Natural deduction proof / Formal proof : Complicated conclusion with no premise

Question

Find a formal proof for the following:

$\vdash [(\neg p \land r)\rightarrow (q \lor s )]\longrightarrow[(r\rightarrow p)\lor(\neg s \rightarrow q)]$

As you can see. No premise to use. We have to use assumptions and eliminate them.

This also means no using equivalent formulas. Because we can easily end the problem by finding a shorter and equivalent formula.

But the problem here specifically asks for a natural deduction/formal proof. I'm always arriving at the conclusion but my problem is I always have ONE non-eliminated assumption left.

Answer 1

General Strategy

Break down what you need to prove according to the introduction rule. This is always possible for conjunction and implication. For a disjunction "$A \lor B$", it may not be possible because sometimes you can prove neither "$A$" nor "$B$", in which case you need to go by contradiction, which is to assume $\neg ( A \lor B )$ and obtain a contradiction, from which you can obtain $\neg \neg ( A \lor B )$ without any assumption and then use double negation elimination. Under the assumption, you still want to prove something of the form "$A \lor B$" but this time it is possible. First assume $A$ and obtain a trivial contradiction. So you can conclude $\neg A$ and proceed.

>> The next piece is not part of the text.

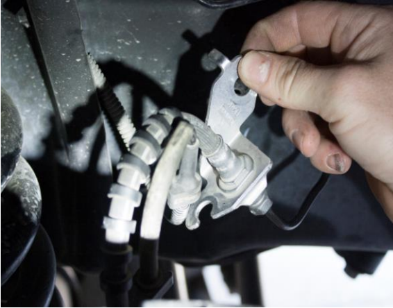
Figure 2A: Passenger ABS Line Removal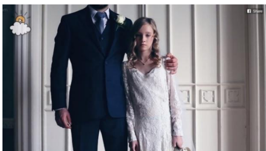
Fig.1 UNICEF's Chilling PSA to End Child Marriage

In this paper has study on three current PSA child marriage that already use outside from Malaysia. However, the video still have limitation. Hence, this paper focus to enhance the current PSA by enhance the content of the video. Fig. 1 shows a PSA brought by the collaboration of UNICEF and Bridal Musings to show the horror of child marriage. In the video, it shows a wedding ceremony and one of the brides is a child aged 15 years old. The video displays a very emotional and strong message behind it. However, there are too little text showed in the video. This may lead to misinterpretation by viewers or maybe some of the viewers may not get the real message behind this video.

Solution (Fitch-style natural deduction) $\def\imp{\rightarrow}$

If $( \neg p \land r ) \imp ( q \lor s )$:

  If $\neg ( ( r \imp p ) \lor ( \neg s \imp q ) )$:

    If $r \imp p$:

      $( r \imp p ) \lor ( \neg s \imp q )$.

      Contradiction.

    $\neg ( r \imp p )$.

    If $r$:

      If $\neg p$:

        $\neg p \land r$.

        $q \lor s$.

        If $\neg s$:

          If $\neg q$:

            If $q$:

              Contradiction.

            If $s$:

              Contradiction.

            Contradiction.

          $\neg \neg q$.

          $q$.

        $\neg s \imp q$.

        $( r \imp p ) \lor ( \neg s \imp q )$.

        Contradiction.

      $\neg \neg p$.

      $p$.

    $r \imp p$.

    Contradiction.

  $\neg \neg ( ( r \imp p ) \lor ( \neg s \imp q ) )$.

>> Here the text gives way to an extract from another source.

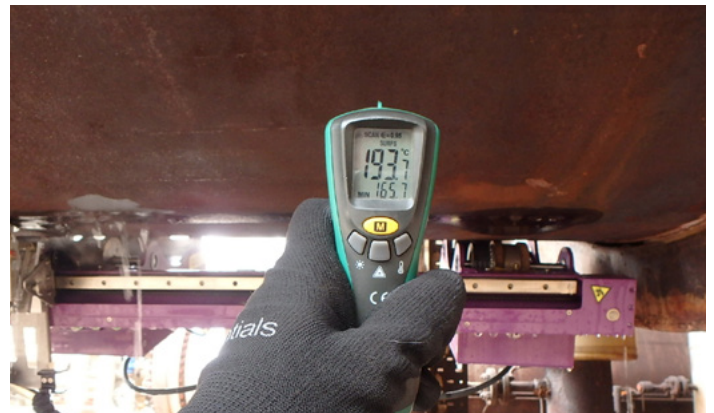
Elevated surface temperature

  $( r \imp p ) \lor ( \neg s \imp q )$.

$( ( \neg p \land r ) \imp ( q \lor s ) ) \imp ( ( r \imp p ) \lor ( \neg s \imp q ) )$.

Answer 2

Here's how to do it, not in full gory detail — three of the steps below appeal to simple equivalences; each has to be expanded to establish the particular case of the cited equivalence:

$$ \begin{array}{r|ll} \text{step} & \text{Formula} & \text{How obtained} \\ \hline 1 & (\neg p \land r)\to (q \lor s ) & \text{assumption} \\ 2 & \neg(r\to p) & \text{assumption} \\ 3 & \neg s & \text{assumption} \\ 4 & r \land \neg p & \text{From 2.: $\neg(A\to B) \equiv (A\land \neg B)$} \\ 5 & \neg p \land r & \text{From 4.} \\ 6 & q\lor s & \text{From 5. and 1. by MP} \\ 7 & \neg s\to q & \text{From 6.: $(A\lor B)\equiv (\neg B\to A)$} \\ 8 & q & \text{From 3. and 7. by MP} \\ 9 & \neg s \to q& \text{From 3. and 8. — discharge 3.} \\ 10 & \neg(r\to p)\to (\neg s \to q) & \text{From 2. and 9. — discharge 2.} \\ 11 & (r\to p)\lor (\neg s \to q) & \text{From 10.: $(\neg A\to B)\equiv (A\lor B)$} \\ 12 & [(\neg p \land r)\to (q \lor s )] \longrightarrow [(r\to p)\lor (\neg s \to q)] & \text{From 1. and 11. — discharge 1.} \end{array}$$

The steps that use equivalences $(\phi\equiv\psi)$ — 4., 7. and 11. — are shorthand for a sequence of multiple steps which deduce $\psi$ from $\phi$.